Cows used to scare the crap out of me. Once, my car was surrounded by cows, and I needed back IN my car, and about cried trying to figure out how to move these massive gigantors away from my car. How you ever stood next to a real cow? Holy cow! Haha - no pun intended...ok, maybe a little. I digress. These things are HUGE. Like frighteningly huge. And insane. Cows are crazy. I don't know if you knew this either, but their brains are like the size of a flea. I think. Anyways, I did manage to get back in my car without incident, but the point was, they were scary.

As time as passed, and I've met more cows, I've realized that I'm no longer as scared of them. I wouldn't want to have one in my living room or anything...but they aren't that bad. And they have been on my mind the last few days.


The last couple days have been an emotional roller coaster for me. Life worked itself out, as it often does, but for a few minutes, I was insanely angry. Then insanely hurt. Then insanely scared. Then insanely determined. And then insanely peaceful. If you don't know me...I tend to be a bit extreme in personality, everything I do probably deserves an insanely in front of it. I like to call it passion, most call it clinical psychosis. And things worked out as they always do.

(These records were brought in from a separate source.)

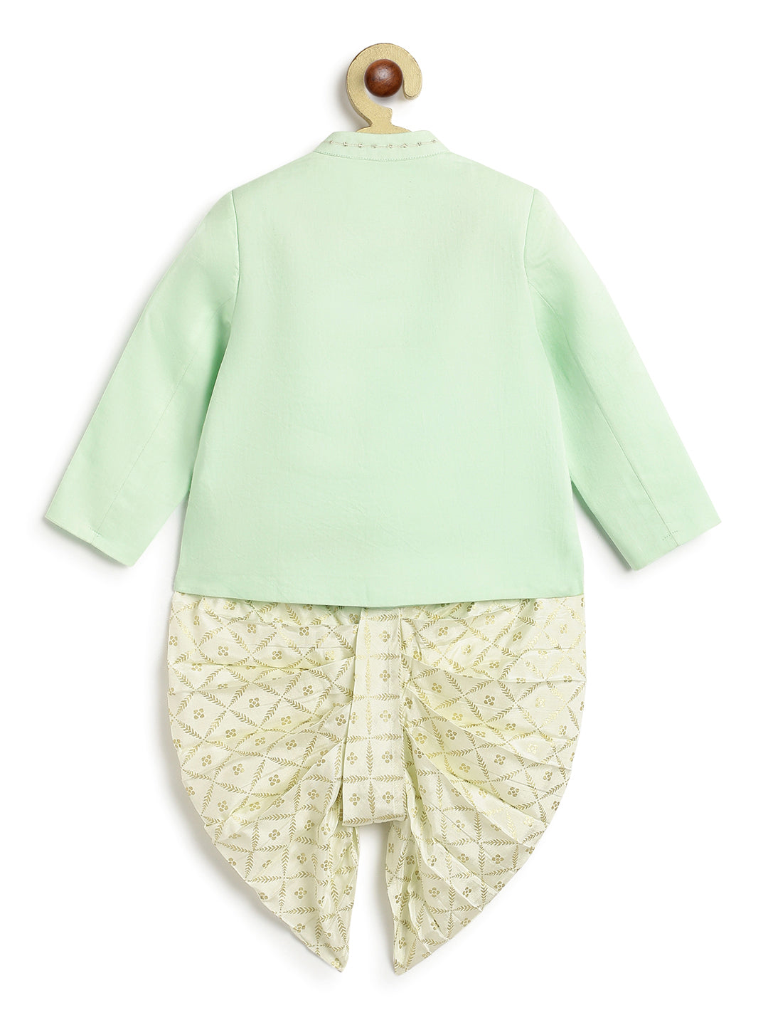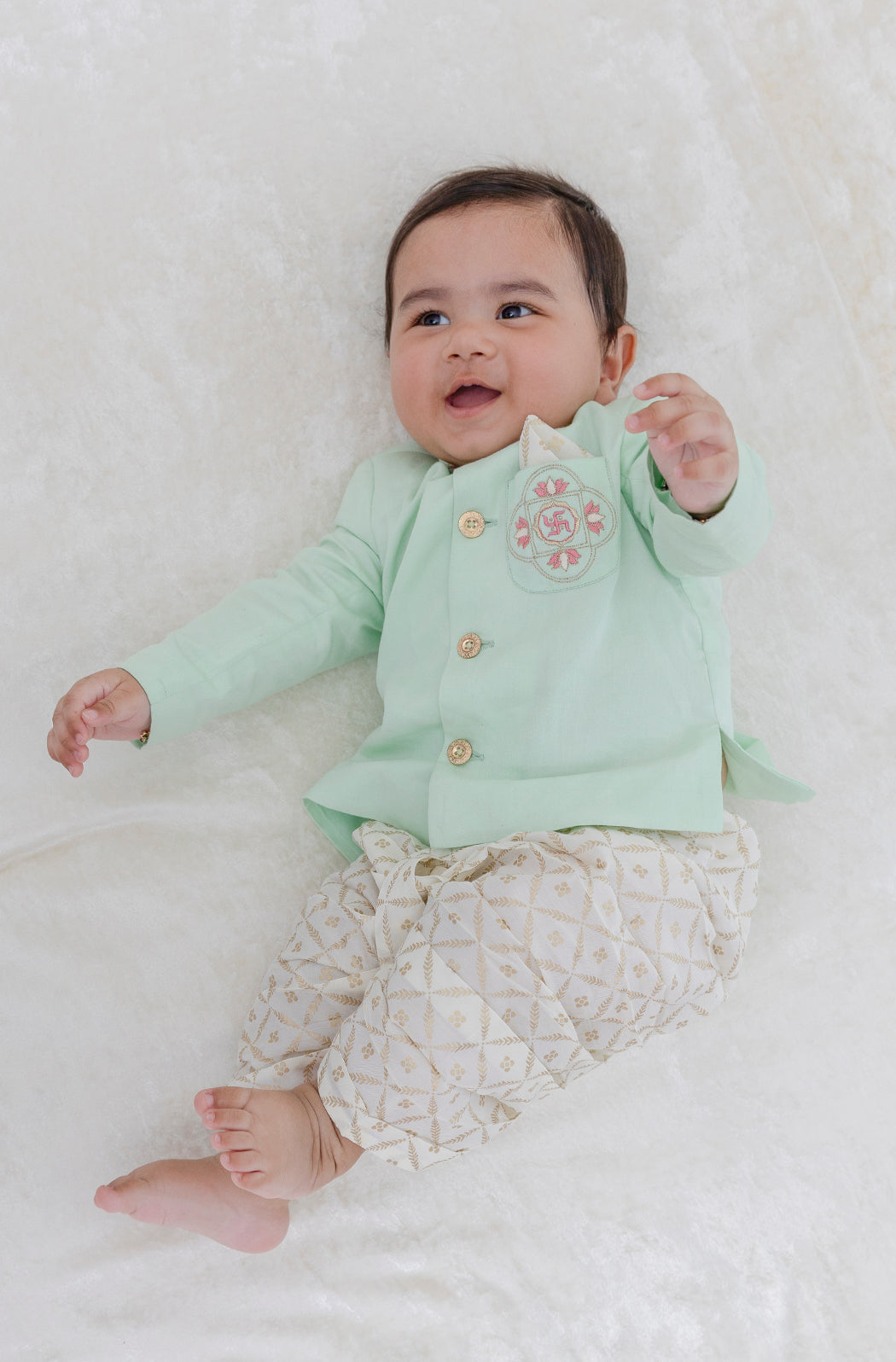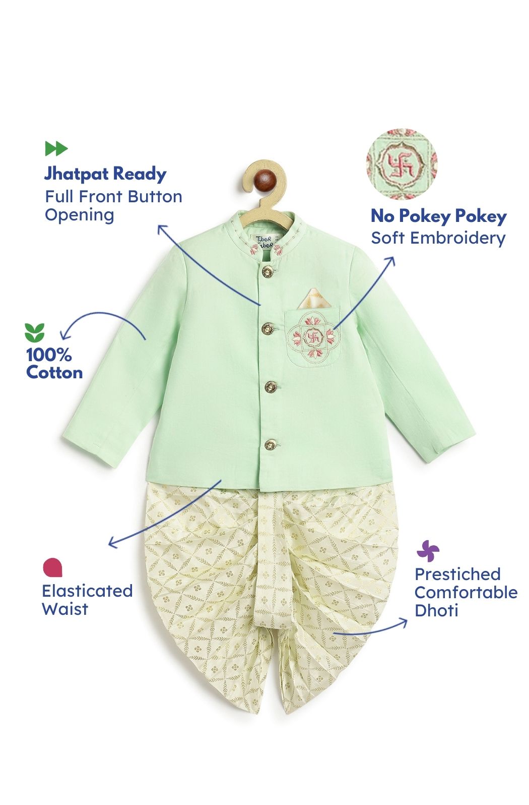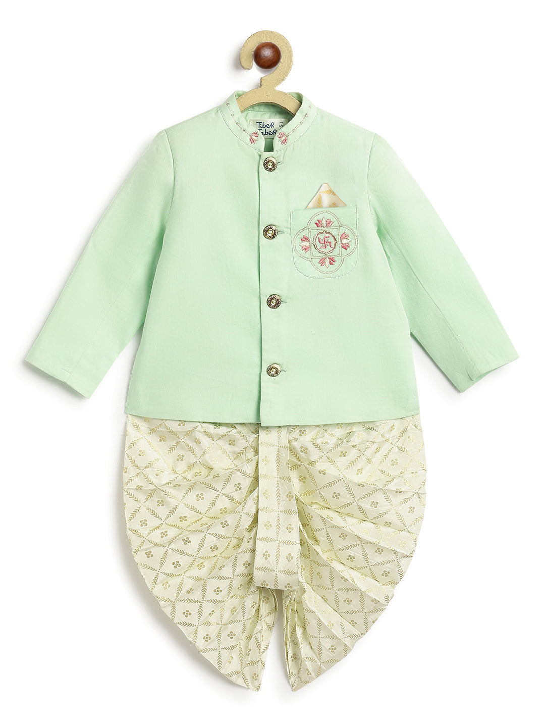 Dress your little prince in this royal attire, designed for first festivities, family gatherings, and picture-perfect moments. The comfy bandhgala is tailored in soft cotton satin and features an embroidered pocket and matching pocket square. Comes with festive foil print dhoti. Comfortable yet occasion-ready, this set blends tradition with ease.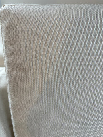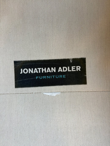 Jonathan Adler "Topanga" sectional sofa in off-white linen. Cushions are spring down construction; legs are stainless steel. Sofa measures 95"w x 37"d x 30h" (left arm: 58"w; right arm: 95" w) and is in overall good condition. Retail price: $6,200.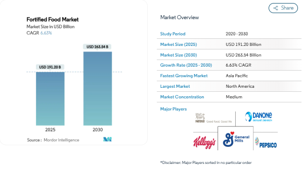 The Fortified Food Market continues to gain attention as consumers increasingly connect everyday eating habits with long-term health. According to industry analysis, the market was valued at USD 191.20 billion in 2025 and is projected to reach USD 263.54 billion by 2030, supported by growing interest in preventive nutrition and improved food labeling standards. The Fortified Food Market Forecast reflects steady expansion as more households adopt products enriched with vitamins, minerals, and functional nutrients.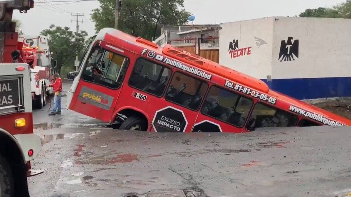 Esto fue lo que le sucedió a un conductor de bus en el estado de Nueva León, en México, cuando el asfalto se abrió dando paso a un enorme hueco de cuatro metros de profundidad y el vehículo cayó dentro.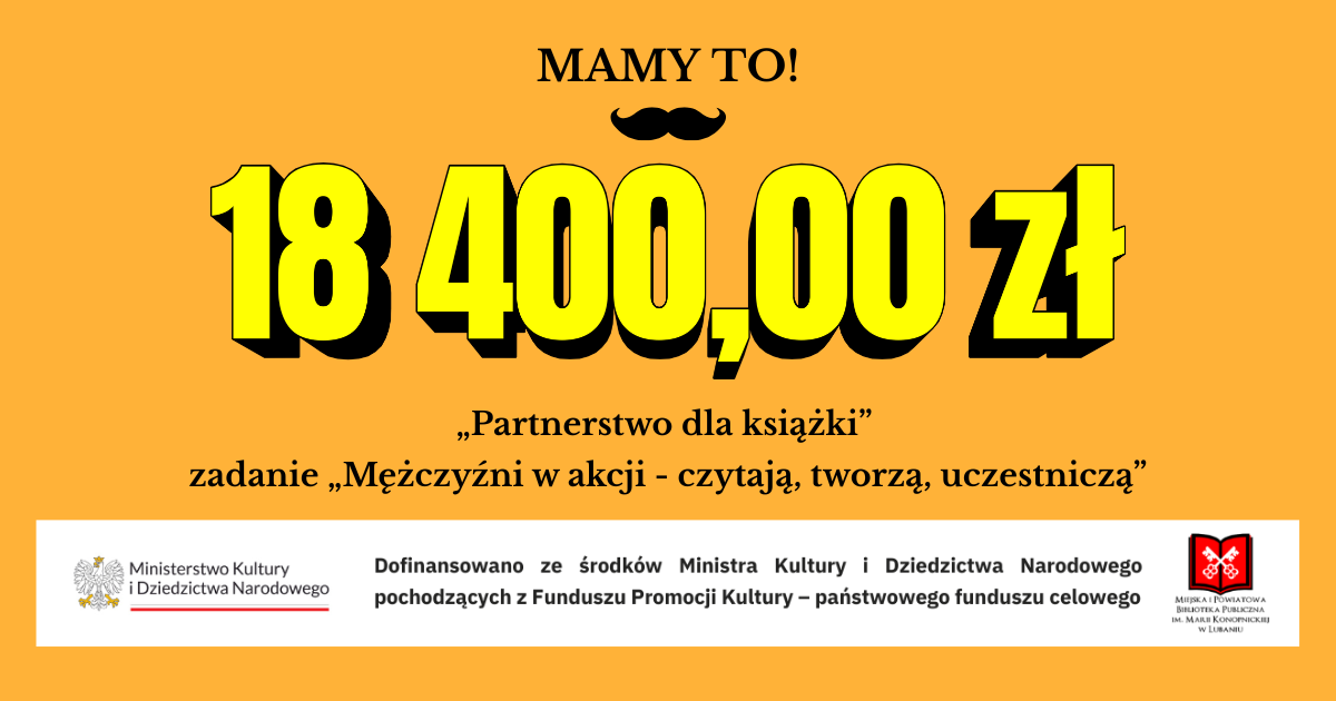 Z wielką radością informujemy, iż Miejska i Powiatowa Biblioteka Publiczna w Lubaniu po raz kolejny otrzymała grant w wysokości 18 400,00 zł w programie „Partnerstwo dla książki” na projekt złożony do Ministerstwa Kultury i Dziedzictwa Narodowego na zadanie „Mężczyźni w akcji- czytają, tworzą, uczestniczą” na działania promujące książkę i bibliotekę.
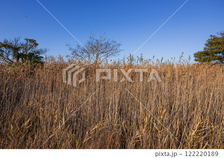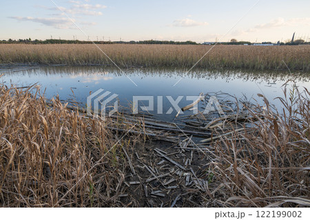 枯れた葦原の中の野鳥のサンクチュアリ 浸透実験池跡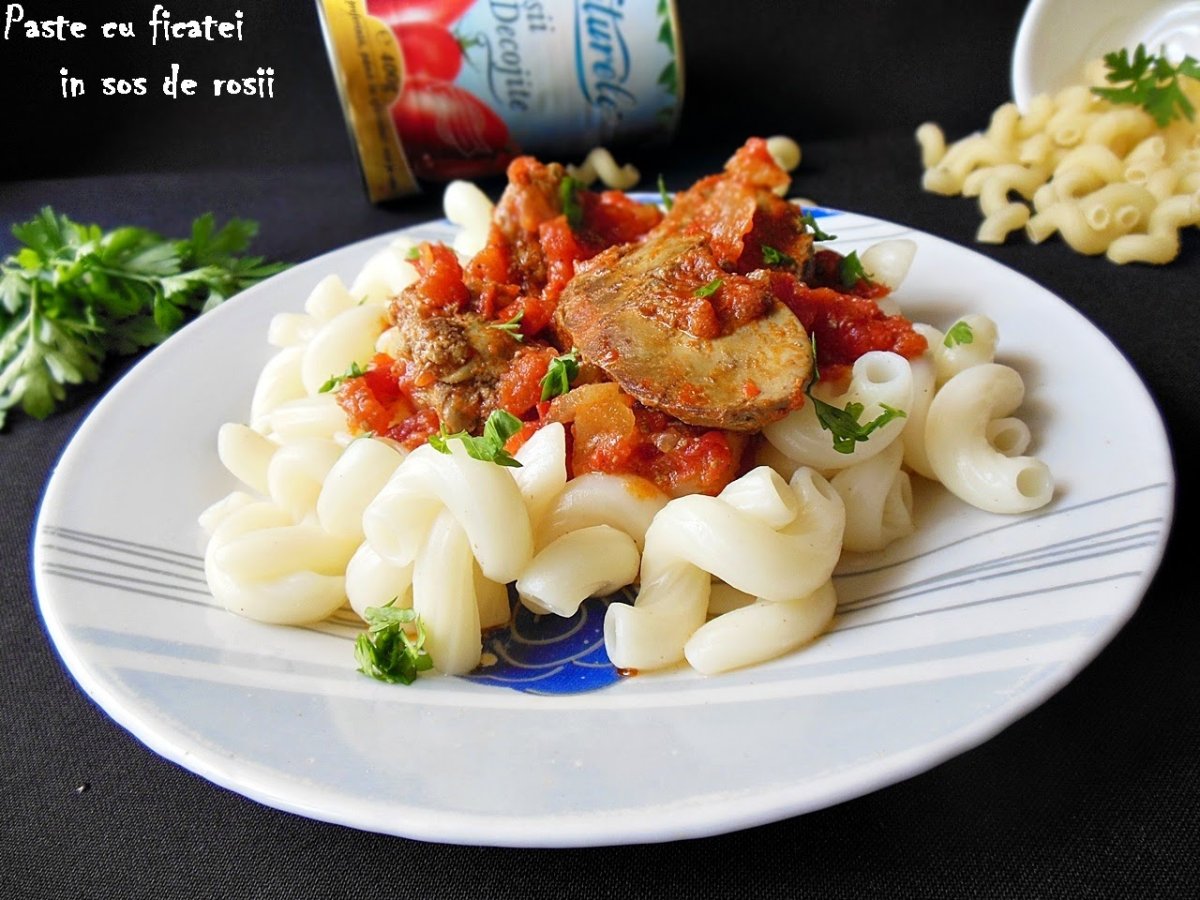 Pastele le servim cu ficateii in sos si presaram patrunjel verde toct desupra.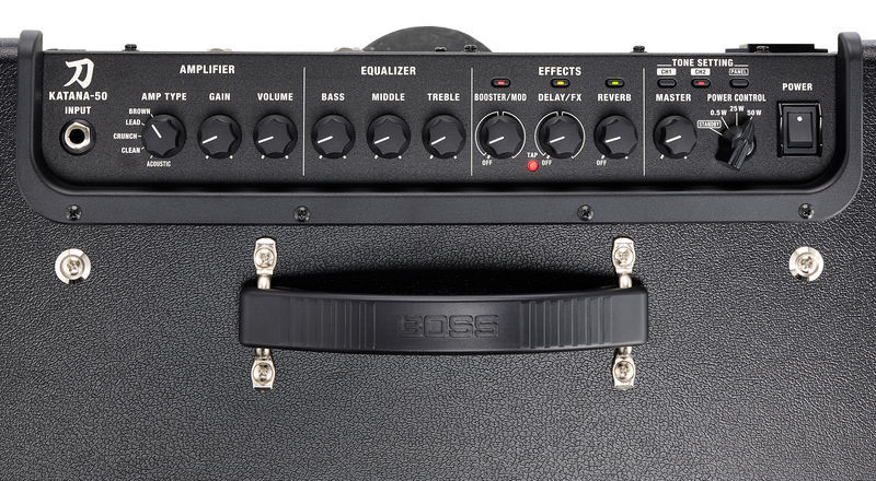 Доведенные до совершенства инженерной командой BOSS пять режимов усиления Katana-50 позволяют перекрыть весь диапазон тембров, начиная с органичных классических, и заканчивая современными с высоким усилением. Режим Clean характеризуется естественным прозрачным звуком, в то время как Crunch — жестким. Режим Lead, чтобы удовлетворить требованиям максимального количества музыкальных стилей, позволяет работать в широком диапазоне усиления для получения как "жирных" пронзительных блюзовых соло, так и тягучих легато. Режим Brown (DNA) заимствован у усилителей серии Waza и предлагает усовершенствованный тембр с высоким усилением, востребованный известнейшими рок-музыкантами с мировой известностью. Режим Acoustic является продолжением курса Katana на универсализацию и позволяет добиваться предельно естественного звучания при использовании электроакустических гитар.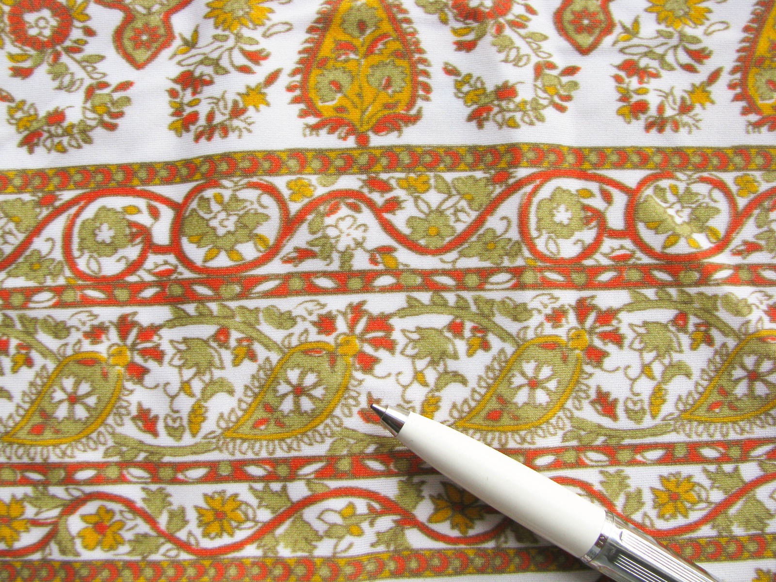 1m bi-elastische Microfaser "Oriental tulips" gedämpftem orange, gelb und olliv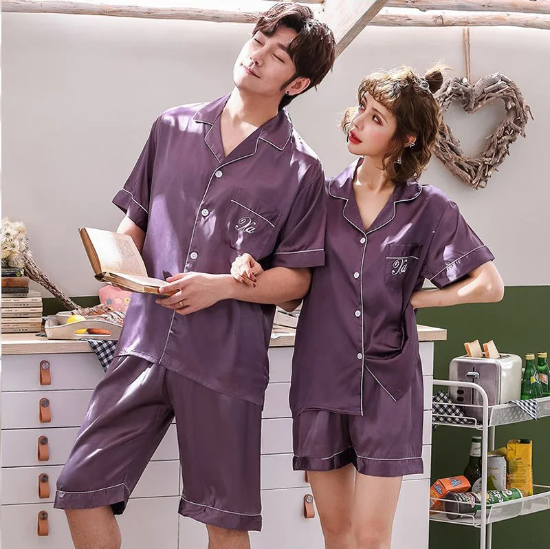 Пижама шелковая для пар, кардиган с коротким рукавом и V-образным вырезом, домашняя одежда, Шелковый костюм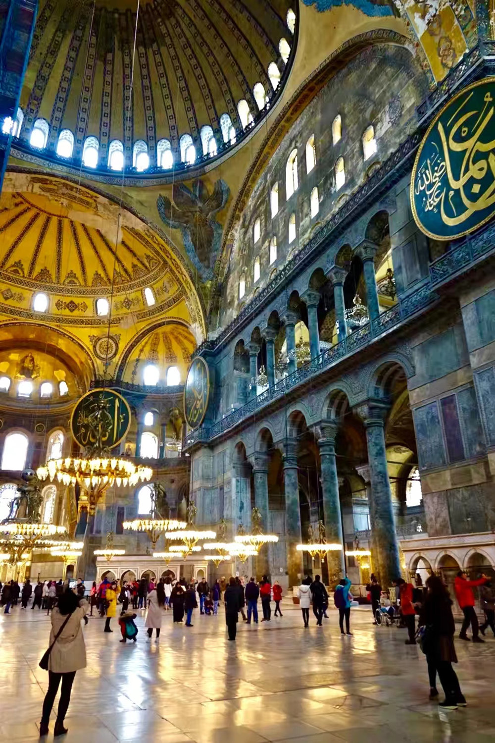 圣索非亞大教堂的特別之處在于平面采用了希臘式十字架的造型,在空間上,則創(chuàng)造了巨型的圓頂,而且在室內(nèi)沒有用到柱子來支撐。李仁奇 攝

Your probably wondering right about now - what the heck does this have to do with cows? So I once knew this cow, that went crazy. It was pregnant, and insane. So it got locked in a trailer. Where it gave birth to twins, and in its insanity, stepped on and killed one of the twins. The other twin - well, it had an insane mother. So - what happened to the poor baby cow? They made it a baby cows hide that had died and give it to the mother cow that wasn't crazy and lost its baby. The mother sniffed it, thought it was hers, and fed it and treated it like it was hers. It grew up strong and healthy and I ate it at Wendy's the other day.

Okay, that last part wasn't true.


Anyways - the point is - Life is unpredictable. Everything in life is a mix of circumstances, reactions, and interpretation. You can be sure of nothing but the breath you are taking as you read this. But ride out the wave long enough and you will find the beach. Something sad can end happy with the right helping hand and the right determination. Without the rancher to make the "jacket" for the baby cow, the calf wound have died. Without a surrogate cow's determination, the calf would have died.

It's all a matter of perception. Never giving up. Even when you've gone crazy. Even when it seems impossible.

What random thing do you know an insane amount about?